To examine the identified DEPs in more detail, the authors analyzed the expression patterns of 218 DEPs using GeneCluster 2.0. The DEPs were grouped into 6 clusters: c0, c1, c2, c3, c4, c5. The 6 clusters were further grouped into three antagonistic pairs (clusters pairs: c1 vs c3, c1 vs c4, c2 vs c5). Proteins in c0c3 sets were assumed to contribute to the variability between D68/MH63 and MH86/ZH10. Proteins grouped into c1c4 sets possibily separated MingHui from D68/ZH10. Furthermore, the c2c5 sets may be the main contributors to the separation between japonica and indica rice. Although there were large changes in expression of these proteins among nontransgenic varieties, their expression was similar between transgenic lines and their respective controls in all clusters.
The authors further performed PCA for the 218 DEPs to estimate the contribution of DEPs to the total variability observed within rice lines and identify proteins responsible for the variability. The results of the PCA confirmed the authors finidings from cluster analysis that proteins in 3 clusters pairs (c1c4, c2c5, and c0c3) may have a distinct contribution to the entire variability of the data set.
Next, the authors evaluated the distribution on 218 DEPs involved in different function categories and subcategories in cluster pairs c0c3, c1c4, and c2c5. The results of this analysis clearly showed different functional categories and subcategories-related proteins distributed heterogeneously in these cluster pairs. For example, metabolism-related proteins were mainly in c1c4 and c2c5, but less so in c0c3. Protein synthesis and destination-related proteins were more often in c0c3 and c2c5 than in c1c4. Most of the defense response-related proteins were in c0c3 and c1c4. Thus, the different functional categories in these clusters confirmed differences in biological processes in all analyzed rice lines.
To investigate the changes in biological processes as a result of natural genetic variation, conventional breeding, and transgene modification, the authors performed expression profile analysis of protein groups associated with nine functional categories and subcategories showing significant contribution to the differences. The expression patterns of proteins involved in glycolysis and starch synthesis were similar, with relatively high levels in 2 nontransgenic MinHui varieties and low levels in D68 and ZH10. The opposite relationship was found with proteins involved in the TCA pathway. All in all, the expression of proteins in transgenic lines and their respective controls was changed, but the changes were similar to those observed between certain non-transgenic varieties.

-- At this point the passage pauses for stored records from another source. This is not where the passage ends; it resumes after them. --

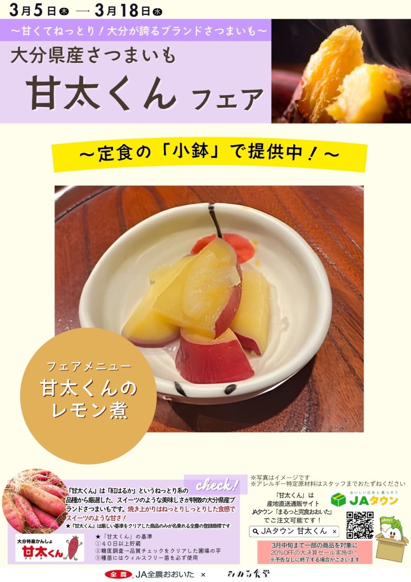 大分県産さつまいも「甘太くんのレモン煮」を定食の小鉢で提供中!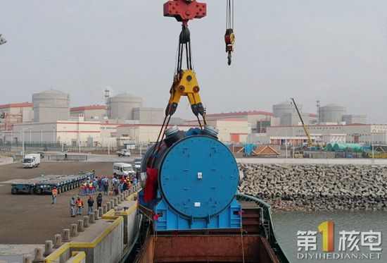 3月18日,红沿河核电5号机组首台核岛主设备——反应堆压力容器运抵红沿河核电现场,这标志着红沿河核电二期工程由此进入核岛主设备安装高峰。 反应堆压力容器运抵红沿河核电现场 5号机组反应堆压力容器运抵现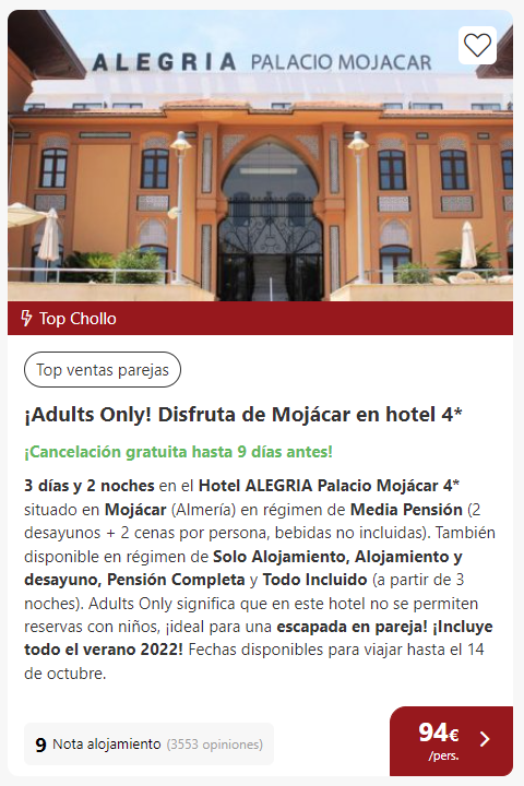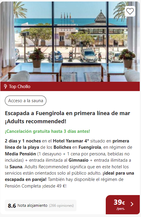 Una vez llegues no tendrás que preocuparte por nada porque por tan solo 47 € Te alojarás en media pensión una noche en un hotel solo para adultos 🤭 Tu tranquilidad estará garantizada. ✅ Si quieres saber más, aquí te contamos todo sobre el alojamiento.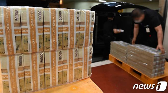(서울=뉴스1) 사진공동취재단 = 16일 오전 서울 강남구 역삼동 한국은행 강남본부에서 관계자들이 시중 은행에 공급할 추석 자금을 방출하고 있다. 2021.9.16/뉴스1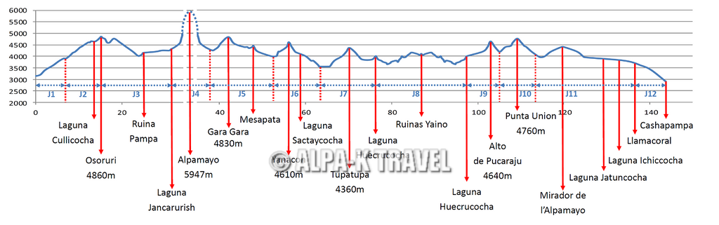 Jour 5: Nous reprendrons notre parcours sur le sentier du trekking du tour de l'Alapamyo, aujourd'hui nous marcherons 13 km. Nous monterons vers le premier col de la journée, le col de Gara Gara, durant cette ascension nous profiterons de la vue sur les sommets enneigés de l'Alpamayo, Quitaraju, Santa Cruz et sur la lagune Jancarurish. Nous atteindrons ensuite le Callejón de Huaylas et en traversant le col nous arriverons sur la vallée de Conchucos vers laquelle nous descendrons. Puis nous continuerons sur un chemin plus plat et monterons de nouveau vers le col de Mesapata d'où nous apprécierons la vue sur les lagunes Safunas. Nous redescendrons de nouveau pour atteindre une partie plate où nous établirons notre campement.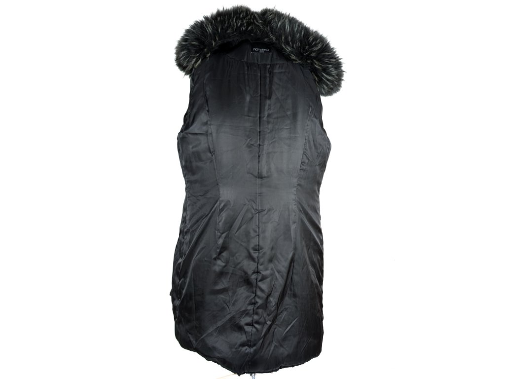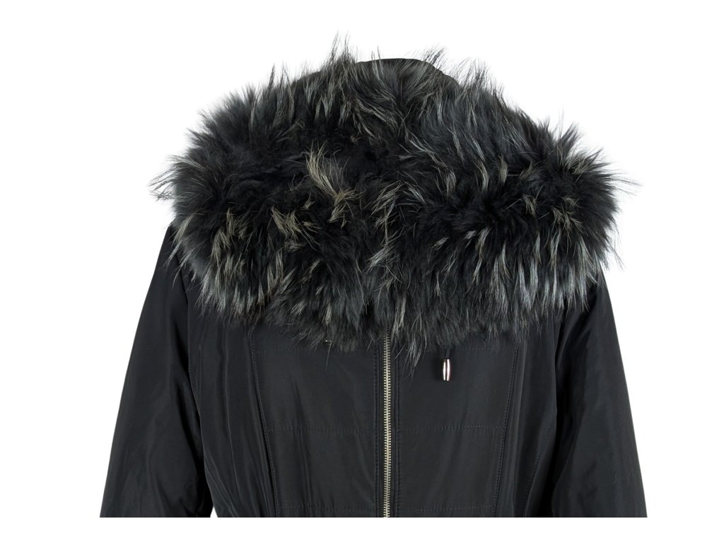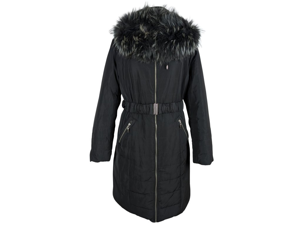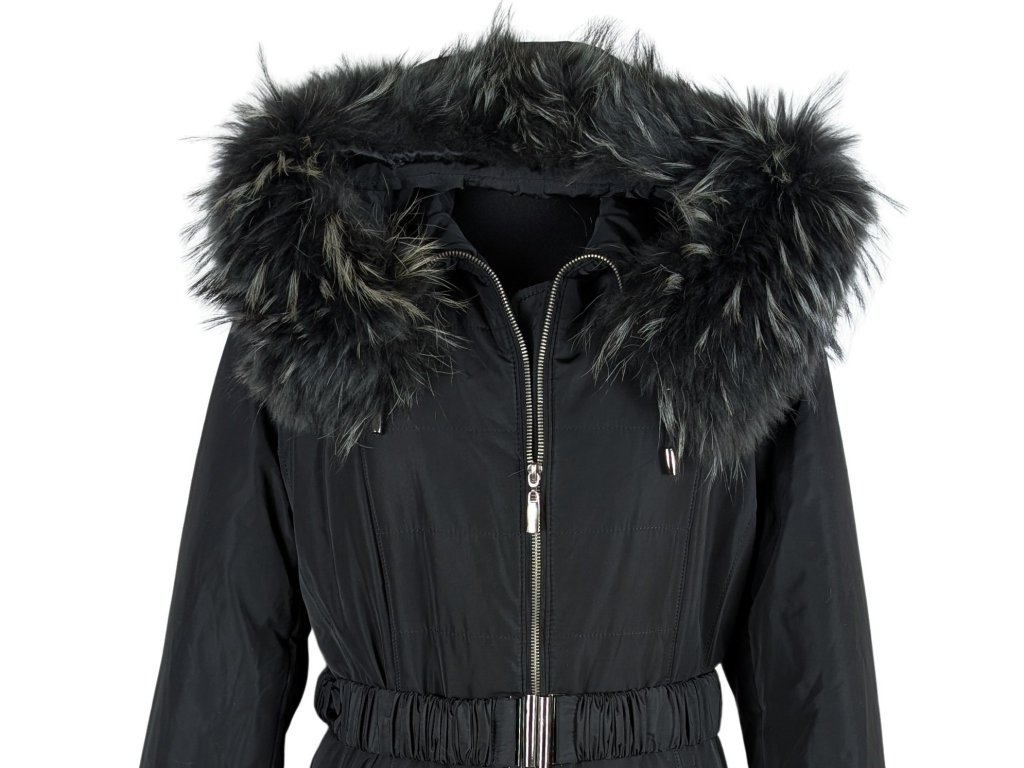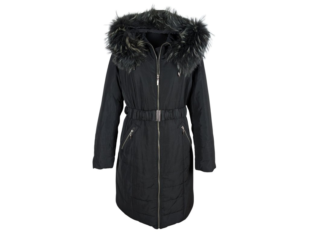 Dámský černý dlouhý prošívaný kabát s páskem a kapucí s pravou kožešinou 46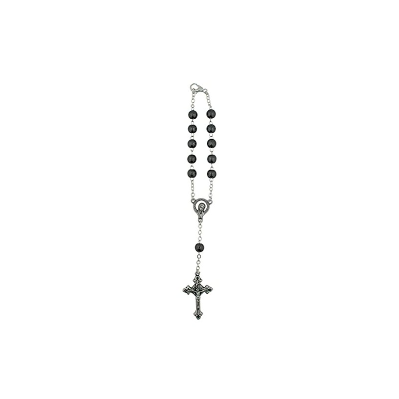 - BEAUTIFUL DESIGN - This beautiful decade rosary is made of silver-tone chain and hematite beads and is finished with a medal of the blessed mother and a beautiful crucifix.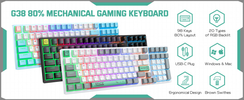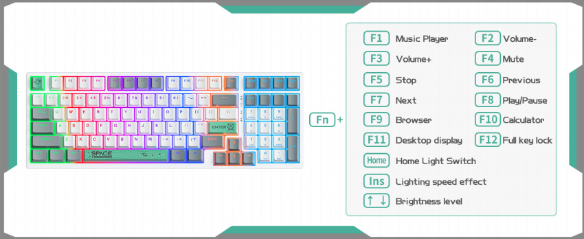 Light effects: 20 types (FN+END switching), 7-color RGB Backlit, 5 brightness levels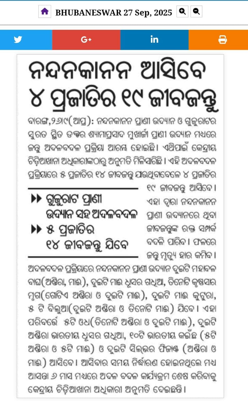 55th Foundation Day of Nandankanan Zoological Park (The Sambad : 30-12-2014)

All these data combined suggested that GM does not significantly alter the rice seed proteomes as compared with natural genetic variation and conventional genetic breeding. Specifically, the integration in rice genomes and expression of bar or cry1Ac/sck do not change the proteome patterns as compared with natural genetic variation and conventional breeding. Apart from the safety conclusions of this experiment, the results also show that the proteins differentially expressed in nontransgenic rice varieties had functions in central carbon metabolism, starch synthesis, protein folding and modification, and defense response. For future experiments, these processes can be further investigated to differentiate and explore rice varieties.